Three graphic designers, Dan, Big and Beam (played by Thai boyband D2B), slave away late at night for their unhappy boss. As they return home, all three have a mysterious occurrence: Dan almost kills an old lady but crashes his car instead, Big is accosted by a street kid with magical powers and Beam narrowly avoids death when a flowerpot smashes onto his car. None of them think much of the events until Dan returns to the scene of his accident - there he finds the same old lady who uncannily predicts a future event for him. Shaken, Dan wonders whether the old woman is real or not but his friends feel he's got an overactive imagination and should lay off the coffee for a while. Events however start to take a turn for the worse and Dan returns to the old lady to find out more...

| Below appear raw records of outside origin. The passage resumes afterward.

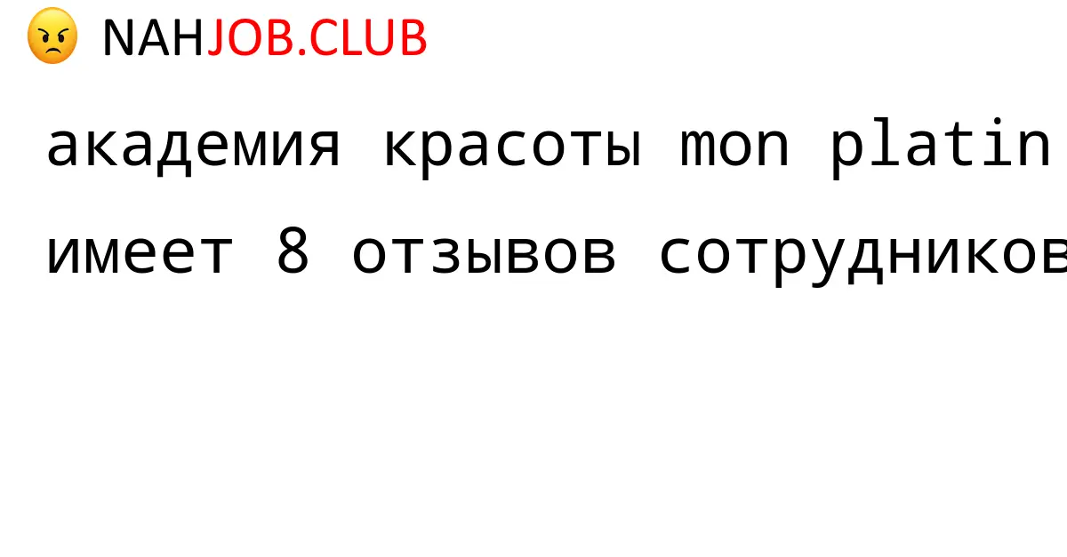 🔴 В базе Nahjob 1 отзыв и мнений бывших и действующих работников про АКАДЕМИЯ КРАСОТЫ MON PLATIN МОН ПЛАТИН по городу Красноярск . Это реальные отклики про зп, атмосферу, штрафы.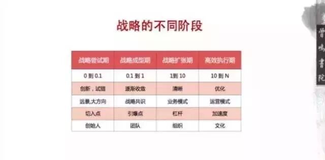 引爆之后要进入第三个阶段,光靠团队已经不够,要依赖组织,组织和成型的战略要匹配,战略不能是模糊的想法或者团队认识,而是能够被传达、分解,被大多数基础员工了解,战略清晰到可以变成业务模式,在业务模式中了解自己创造什么价值,靠什么赚钱。第三个阶段是要找到发展的杠杆,比如资本的杠杆。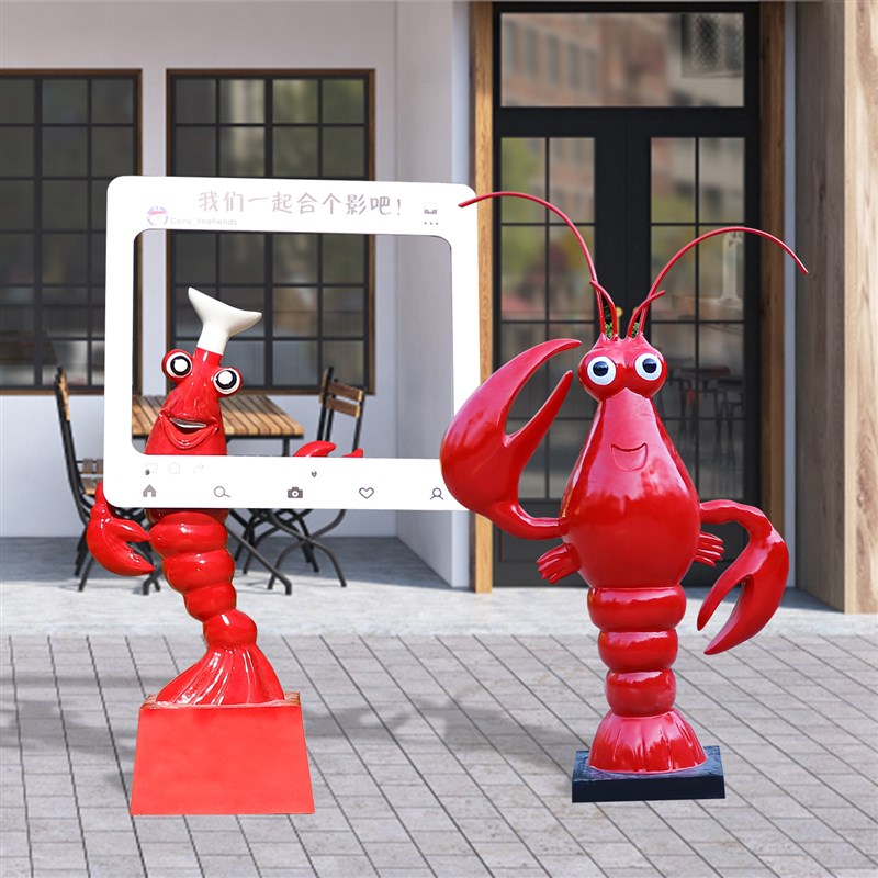 玻璃钢小龙虾模型雕塑酒楼大排档招牌装饰品海鲜烧烤门店迎宾摆件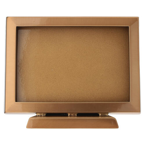 Rectangular frame for photographic ceramics or laminated images measuring 3.9x5.9 in, supplied with a triangular base. The bronzed, sober and elegant frame does not include glass and is designed for images suitable for outdoor use.

Although Oxide and Danny Pang (Infernal Affairs, The Eye) have their names all over this film, the real stars are the Thai pop sensations D2B. Based and filmed in Thailand, Omen was their first cinematic outing with the HK brothers leaving the directing to Thammarak Kamuttmanoch. The presence of a boy band is none too alluring a prospect and the likelihood of this landing itself in the same league as Glitter and Crossroads seemed high. The good news is that it is miles away from US-diva-land but as a film, it's not actually that great either though the fault does not lie with the cheesy muzaks but rather with the script. The opening hour of the film manages to keep the tension together thanks to some good editing, decent performances and atmospheric use of lighting. The multi-stranded narrative functions relatively well and the film doesn't explain too much too soon which is a definite plus. However, the last half hour shakes the film's foundations to the core and - without revealing too much - is about as effective as damp gunpowder and fails to match the quality of the output we have been used to from the Pang twins. Still, for a large part of its running time, the film is effective both visually and emotionally. The acting is generally pretty good with the three members of D2B showing a certain restraint in their performances and a lack of knowing glances to their screaming female fans. It's a shame that a lot of good effort from all involved is let down by an unsatisfactory script. That may be why the Pang's elected not to film this although their involvement on many other levels suggests otherwise. It's not an unmitigated disaster but I imagine the film's main selling point would have been the presence of D2B.

The DVD:

The image:
The print used seems to not be the freshest - there are relatively frequent specks and hairs appearing here and there and the image could do with being sharper. The darks lack solidity in some scenes and don't grade too well in the transfer. Overall, it is watchable but not outstanding, especially for a relatively recent film.

The sound:
The DTS soundtrack seems a bit like overkill here. There are some good uses of atmospherics but it's not really a thumping soundtrack. The DD 5.1 track is slightly less impressive but still quite effective in some use of the surrounds. Given the presence of three mixes of the Thai track (DTS, 5.1 and Stereo Surround), I have the vague impression that the transfer has suffered as a result.
The subtitles on the other hand are quite rapid in places but contain few mistakes and are non-compulsory.

The extras:
We get the usual commercial trailers for other films as well as for Omen but the bulk of the extras are very clearly aimed at fans of the D2B band and as a result were of little interest to the acoustic music lover that I am. First off, The D2B story gives an in depth bio of the band and their rise to fame then D2B profiles gives us all the lowdown on the boys interests, measurements and tutti quanti. Finally, A Tribute to Big describes Big's car crash which almost killed him (replete with fan letters - I feel it was beyond the call of duty to read more than two). The rest of the extras focus more on the film with a ream of production stills and a very brief set of production notes that barely give a film synopsis. The final extra is a bumper sticker of the movie, with the boys looking pretty moody - ideas as to where I should stick it at the usual address.

Omen is a bit of a difficult film to grade - it's far better than it ought to be for a singer/band vehicle but it doesn't really cut the mustard as a thriller. The DVD extras seem to aim the DVD solely at fans of the D2B band so will be of little interest to anyone else.